* _EXERCISE_
Transcribe only the lines in the data below falling between the line with "4、如果你只是走马观花的读完一篇文章,系统会智能提醒你是否认真读完这篇文章;" and the line with "Boite bois fritures", including those two lines, and leave out any picture.

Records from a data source
————————

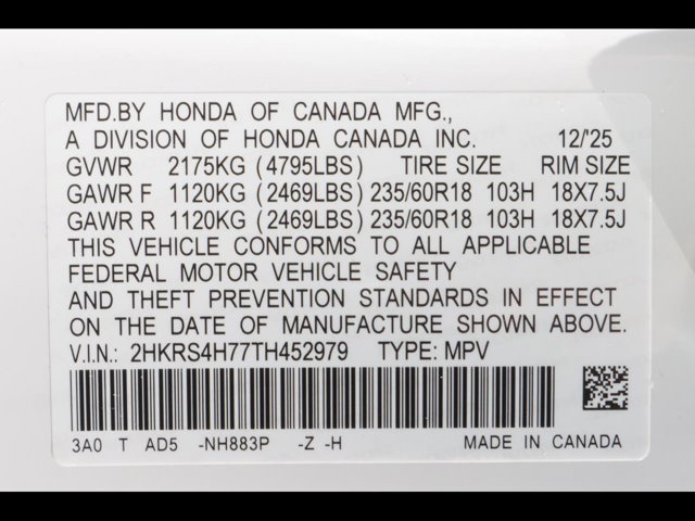 - VIN : 2HKRS4H77TH452979
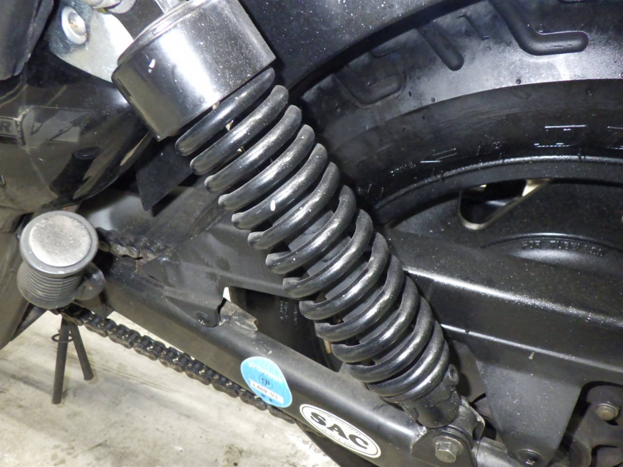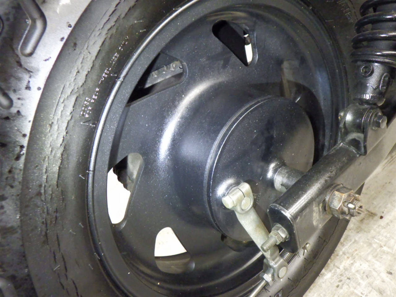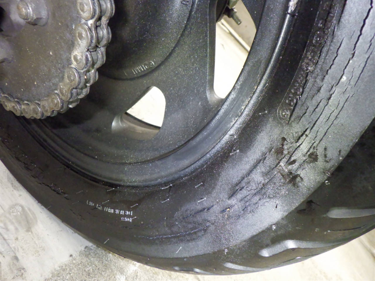 Задняя покрышка: Трещина на шине, требуется замена.
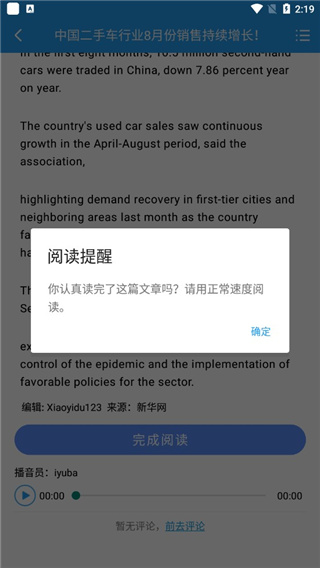 4、如果你只是走马观花的读完一篇文章,系统会智能提醒你是否认真读完这篇文章;
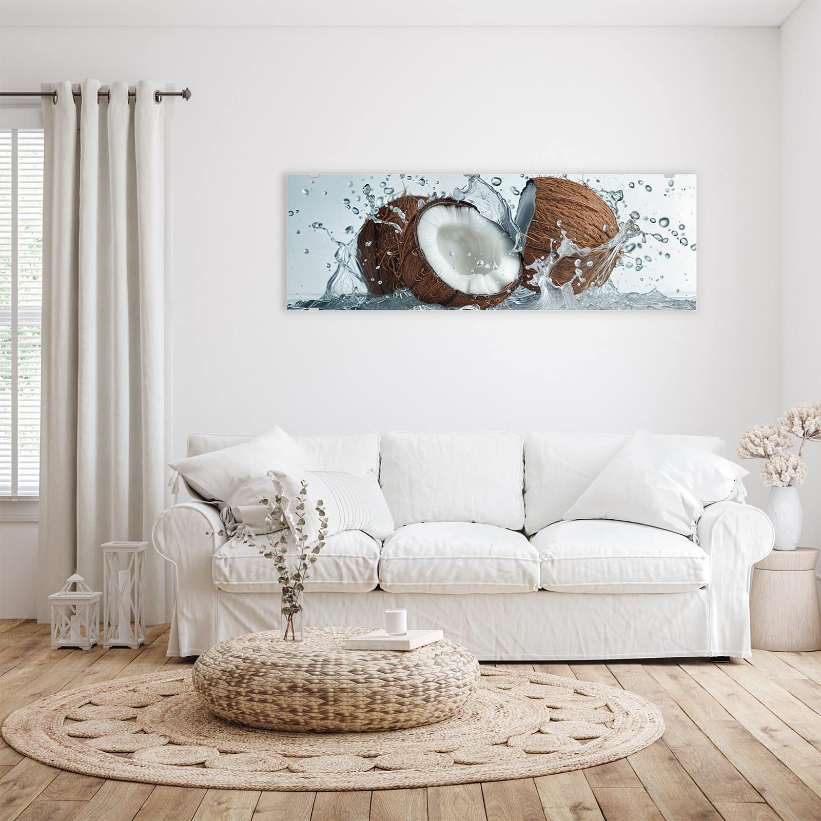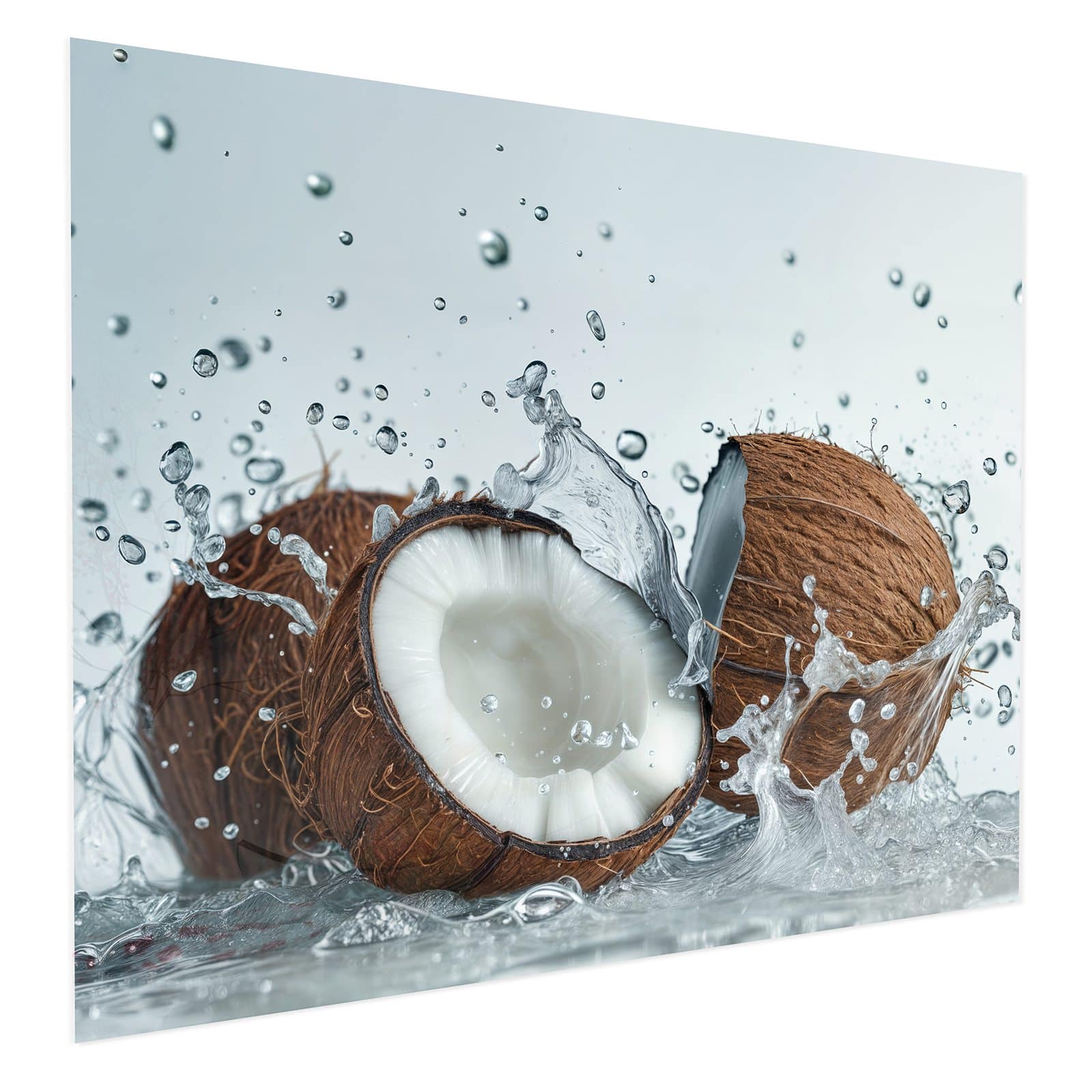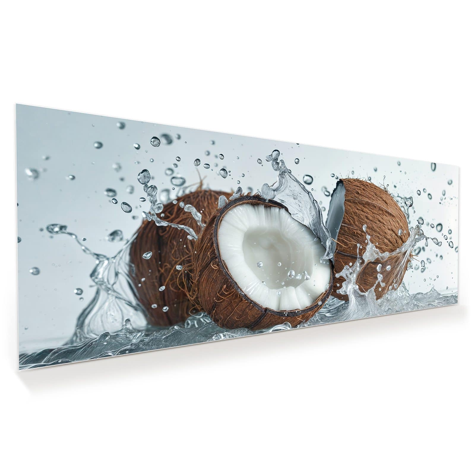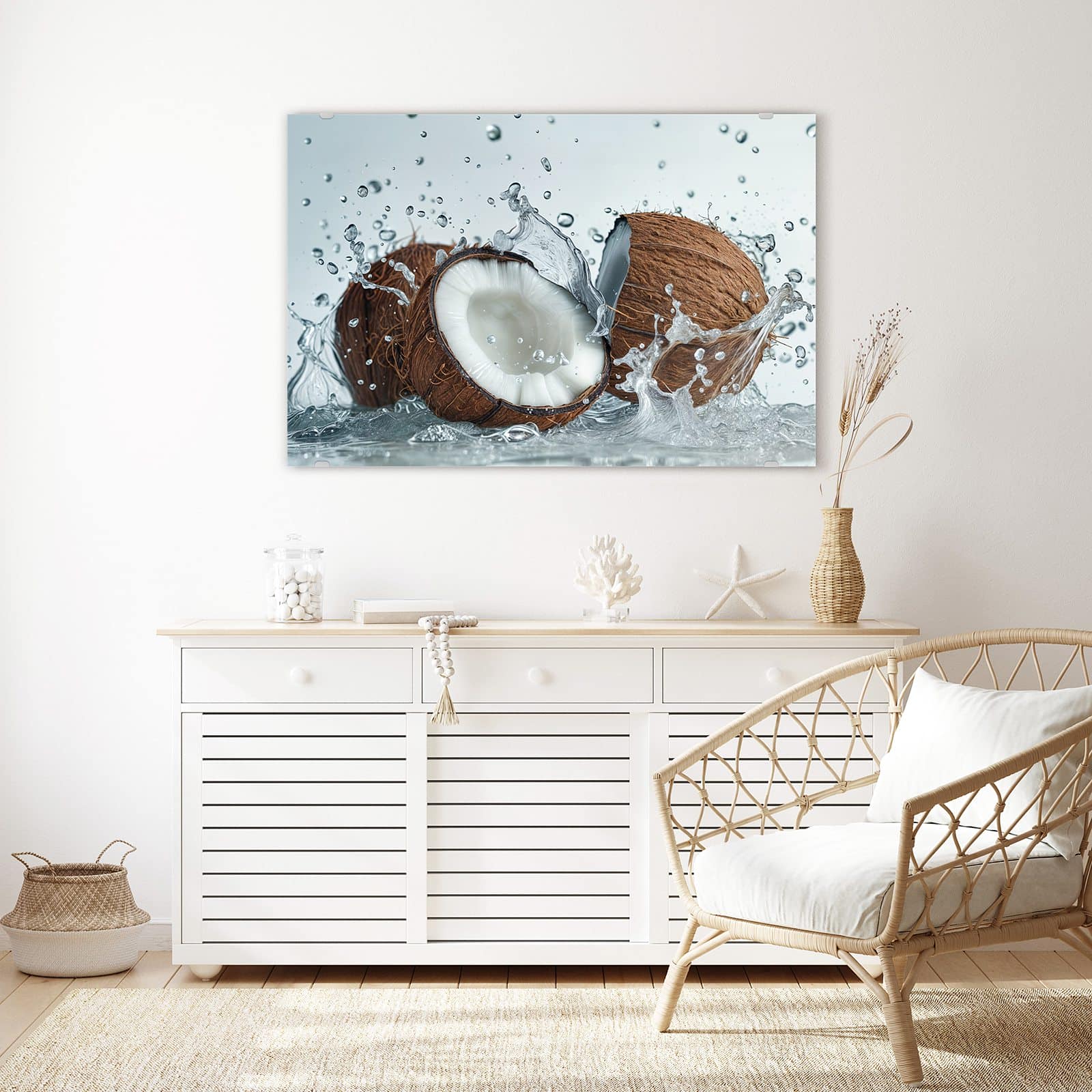 Stilvolle Wanddekoration für Ihr Zuhause - Glasbild Kokosnuss Wasserplatsch
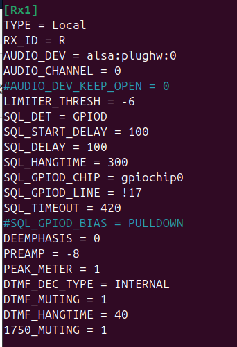Kolejnym ważym dla nas parametrem jest SQL_GPIOD_LINE gdzie podajemu numer GPIO które ma wykrywać sygnał z radia że blokada squelch została orwarta i radi oodbiera sygnał. Dodanie znaku ! przed numerem odwraca polaryzację ( stan niski lub wysoki to aktywacja ) Stany na GPIO to napięcie do 3.3V lub poniżej 1.4V ( nie pamietam dokładnie ale chyba już powyżej 1.4V raspberry wykrywa jako stan wysoki.
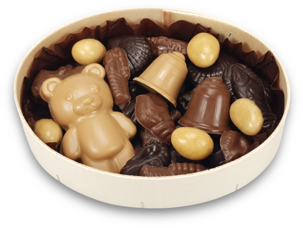 Boite bois fritures de Pâques ourson et cloches 220g
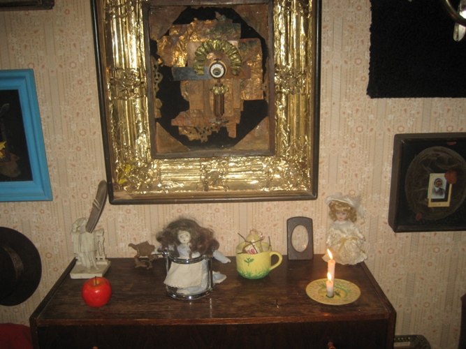 Пройдя к последнему подъезду нужного дома, поднявшись на последний этаж и войдя в последнюю квартиру на этаже, мы так же виртуозно, как и в маршрутке, начали размещаться в маленькой квартирке. В первой комнате мы увидели коллажи Валерия, в которых наряду с другими предметами преобладали куклы, пупсы, маски. Возможно, для кого-то использование пупсов в коллажах в самых разнообразных вариантах (отдельные части тела, проколотые пупсы, пупсы с механизмами, с зарисованными глазами) показалось чем-то леденящим, но мне атмосфера квартиры-музея говорила совершенно об ином.
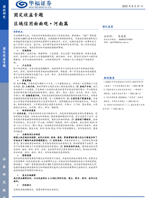 【华福证券】【20220821】固定收益专题:区域信用面面观·河南篇-28页 行业研究
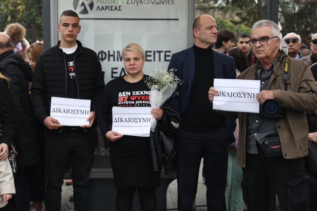 Σύμφωνα με το larissanet μπροστά βρέθηκε η Άλμα Λάτα – μητέρα της Κλαούντια – σιωπηλή, να κρατά λίγα λουλούδια και ένα χαρτί με το μήνυμα «ΔΙΚΑΙΟΣΥΝΗ» για τα θύματα του εγκλήματος.

————————

* _TASK RESULT_
 4、如果你只是走马观花的读完一篇文章,系统会智能提醒你是否认真读完这篇文章;
 Stilvolle Wanddekoration für Ihr Zuhause - Glasbild Kokosnuss Wasserplatsch
Kolejnym ważym dla nas parametrem jest SQL_GPIOD_LINE gdzie podajemu numer GPIO które ma wykrywać sygnał z radia że blokada squelch została orwarta i radi oodbiera sygnał. Dodanie znaku ! przed numerem odwraca polaryzację ( stan niski lub wysoki to aktywacja ) Stany na GPIO to napięcie do 3.3V lub poniżej 1.4V ( nie pamietam dokładnie ale chyba już powyżej 1.4V raspberry wykrywa jako stan wysoki.
 Boite bois fritures de Pâques ourson et cloches 220g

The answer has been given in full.